Curated Exhibitions

 

Christina Fernandez: Multiple Exposures

California Museum of Photography, Riverside, September 10, 2022-February 5, 2023

This landmark exhibition surveys the work of Christina Fernandez, the crucially important Los Angeles-based artist who has spent thirty years in a rich exploration of migration, labor, gender, her Mexican-American identity, and the unique capacities of the photographic medium itself. Christina Fernandez: Multiple Exposures brings together the artist’s most important bodies of works for the first time, allowing audiences to discover the threads that connect them, both formal and conceptual. Through work that spans decades, Fernandez compels us to reconsider history, the border, and the real lives that cross and inhabit them.

The exhibition will be accompanied by the first major monographic catalogue of her work, co-published with the Chicano Studies Research Center at UCLA. 

Christina Fernandez: Multiple Exposures is organized by UCR ARTS and is curated by Joanna Szupinska, Senior Curator, California Museum of Photography at UCR ARTS. Chon Noriega, Director, Chicano Studies Research Center at UCLA, is curatorial advisor.

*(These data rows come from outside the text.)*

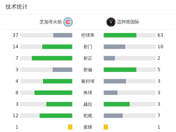 全场比赛结束,迈阿密国际1-4芝加哥火焰。
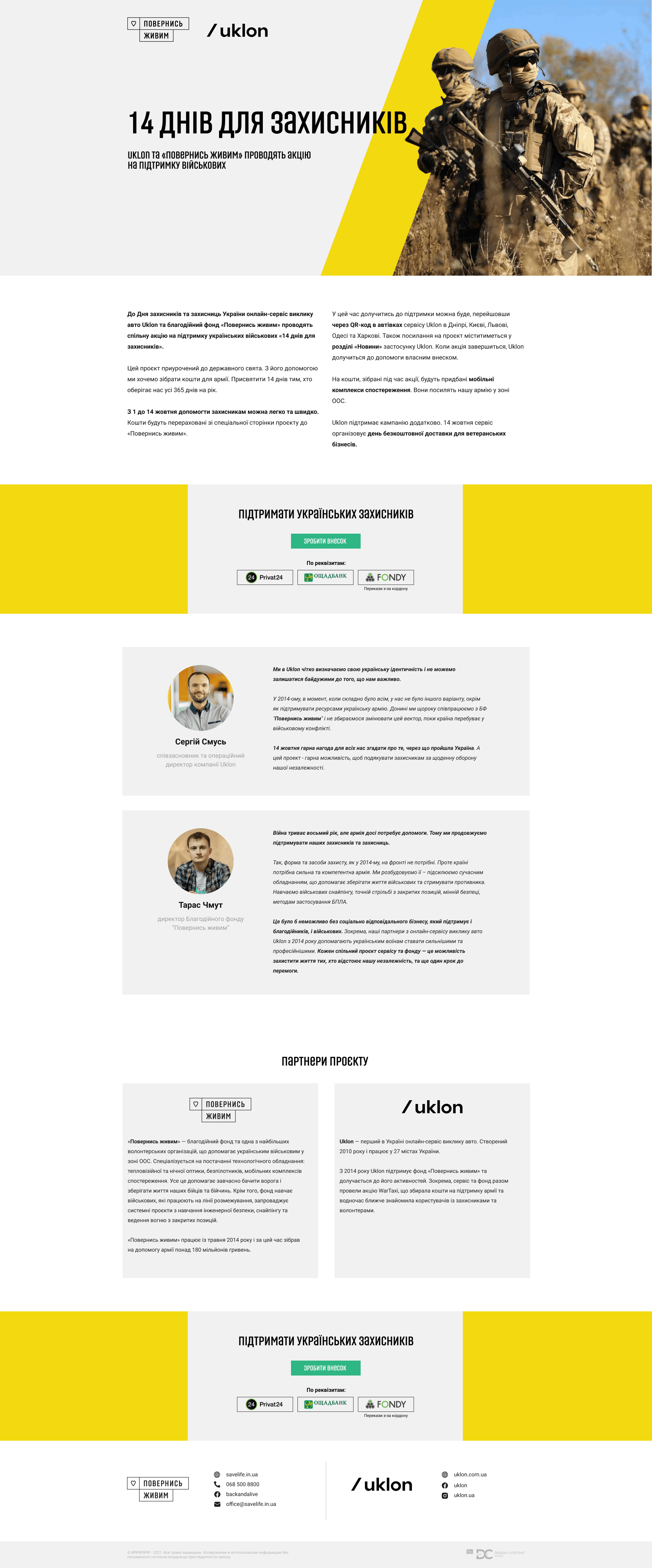 Співпраця з Uklon: Великий блок інформації про партнерство з “Uklon” надає відвідувачам додаткові інцентиви для участі в акції. Зручність та легкість донату через платформу таксі додають аспектів комфорту та доступності.
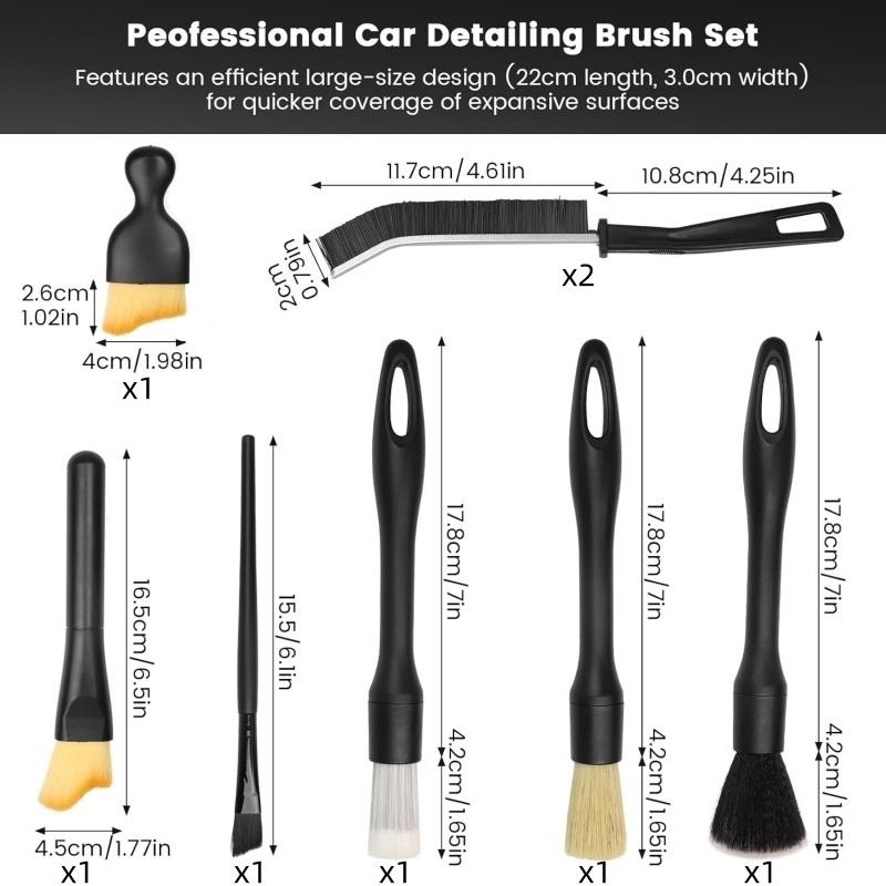🚗【Universal Vehicle Cleaning Gadgets】This Car Detailing Brush Set works perfectly on all vehicles - from cars and motorcycles to RVs and boats. These multi-purpose dust brush handles everything from delicate upholstery and air vents to tough exterior surfaces like wheels and grilles. Ideal for both wet and dry cleaning of every corner.
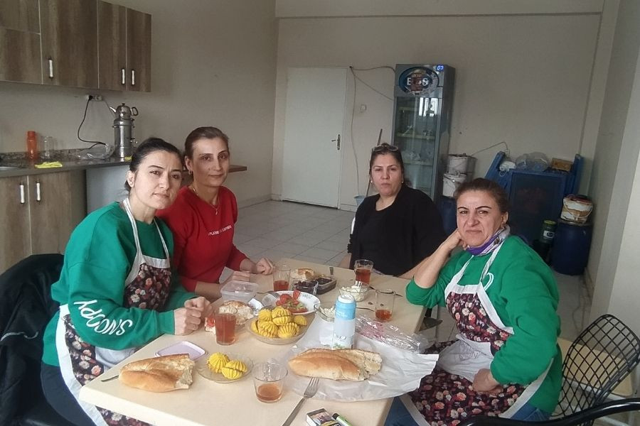 Kadın işçiler ayrıca taleplerini de iletti. Yerel yönetime aday olanlara seslenen Biter, “Ola ki belediye başkanı değişti, yeni gelen yönetimin de bizlere destek olmasını istiyoruz. Kadınların çalışmasını önemseyen, destekleyen bir yaklaşımları olsun. Burası iş sahası olan bir yer değil, eksikliklerimiz var, kendimiz temin etmeye çalışıyoruz. Daha çok üretim yapsak para kazansak aracı da asgari ücret alır. Hatta başka kadınlar da çalışmaya başlar. Yaz dönemi kendi imkanlarımızla diktiğimiz elbise, şalvar gibi şeyleri stant açıp satarak ek gelir elde etmeye çalışıyoruz” dedi.
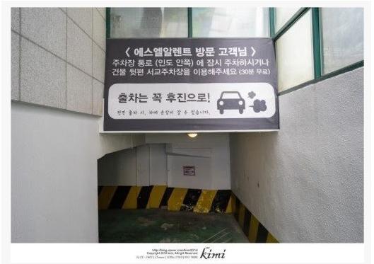 후진으로 나와야한다는 주차장.

Christina Fernandez: Multiple Exposures was made possible by grants from The Andy Warhol Foundation for the Visual Arts, and the National Endowment for the Arts. Support for the publication was provided by AltaMed Health Services, Fundación Jumex Arte Contemporáneo, and Furthermore: a program of the J.M. Kaplan Fund. Programs at UCR ARTS are supported by the College of Humanities, Arts, and Social Sciences at UCR, and the City of Riverside.

Image: Christina Fernandez, Lavanderia #1, 2002. Courtesy of the artist and Gallery Luisotti, Los Angeles.

Exhibition page


Mundos Alternos: Art and Science Fiction in the Americas

California Museum of Photography and Culver Center of the Arts, Riverside, September 16, 2017-February 3, 2018

Queens Museum, New York, April 7-August 18, 2019; Leslie-Lohman Museum of Gay and Lesbian Art, New York, April 25-May 26, 2019

Part of "Pacific Standard Time: Los Angeles/ Latin America"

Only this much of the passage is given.